• _What is being asked_
What you need to produce from the material below is an exact transcription of the lines from the one with "Mehr als 60" through the one with "Εντυπωσιακό ρολόι της", both included, and no other line.

• _Exercise data_
● ● ● ● ● ● ●

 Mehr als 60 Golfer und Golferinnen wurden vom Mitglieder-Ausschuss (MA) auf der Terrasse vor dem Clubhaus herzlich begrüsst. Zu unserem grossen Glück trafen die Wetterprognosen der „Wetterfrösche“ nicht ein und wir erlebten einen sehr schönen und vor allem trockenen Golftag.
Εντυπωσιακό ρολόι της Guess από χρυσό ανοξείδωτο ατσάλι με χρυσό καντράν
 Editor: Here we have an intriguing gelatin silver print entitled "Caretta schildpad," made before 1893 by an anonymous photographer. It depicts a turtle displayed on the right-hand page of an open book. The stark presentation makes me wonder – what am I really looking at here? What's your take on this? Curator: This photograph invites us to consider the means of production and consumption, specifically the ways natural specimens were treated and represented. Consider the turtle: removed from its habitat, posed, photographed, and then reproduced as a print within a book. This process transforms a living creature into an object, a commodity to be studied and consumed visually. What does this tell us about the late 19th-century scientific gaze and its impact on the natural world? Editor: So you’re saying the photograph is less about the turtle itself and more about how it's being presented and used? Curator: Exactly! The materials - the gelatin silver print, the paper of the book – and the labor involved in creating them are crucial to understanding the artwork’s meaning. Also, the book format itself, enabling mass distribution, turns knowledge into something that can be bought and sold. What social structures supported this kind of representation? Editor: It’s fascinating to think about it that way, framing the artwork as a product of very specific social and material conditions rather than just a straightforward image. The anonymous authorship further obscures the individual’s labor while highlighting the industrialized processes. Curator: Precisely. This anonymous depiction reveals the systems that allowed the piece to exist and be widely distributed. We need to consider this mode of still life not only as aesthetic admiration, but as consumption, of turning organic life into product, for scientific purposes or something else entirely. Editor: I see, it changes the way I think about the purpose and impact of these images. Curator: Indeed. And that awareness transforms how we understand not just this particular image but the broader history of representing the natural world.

● ● ● ● ● ● ●

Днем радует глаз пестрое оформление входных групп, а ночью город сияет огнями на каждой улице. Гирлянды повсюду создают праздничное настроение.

● ● ● ● ● ● ●

• _Finished exercise_
 Mehr als 60 Golfer und Golferinnen wurden vom Mitglieder-Ausschuss (MA) auf der Terrasse vor dem Clubhaus herzlich begrüsst. Zu unserem grossen Glück trafen die Wetterprognosen der „Wetterfrösche“ nicht ein und wir erlebten einen sehr schönen und vor allem trockenen Golftag.
Εντυπωσιακό ρολόι της Guess από χρυσό ανοξείδωτο ατσάλι με χρυσό καντράν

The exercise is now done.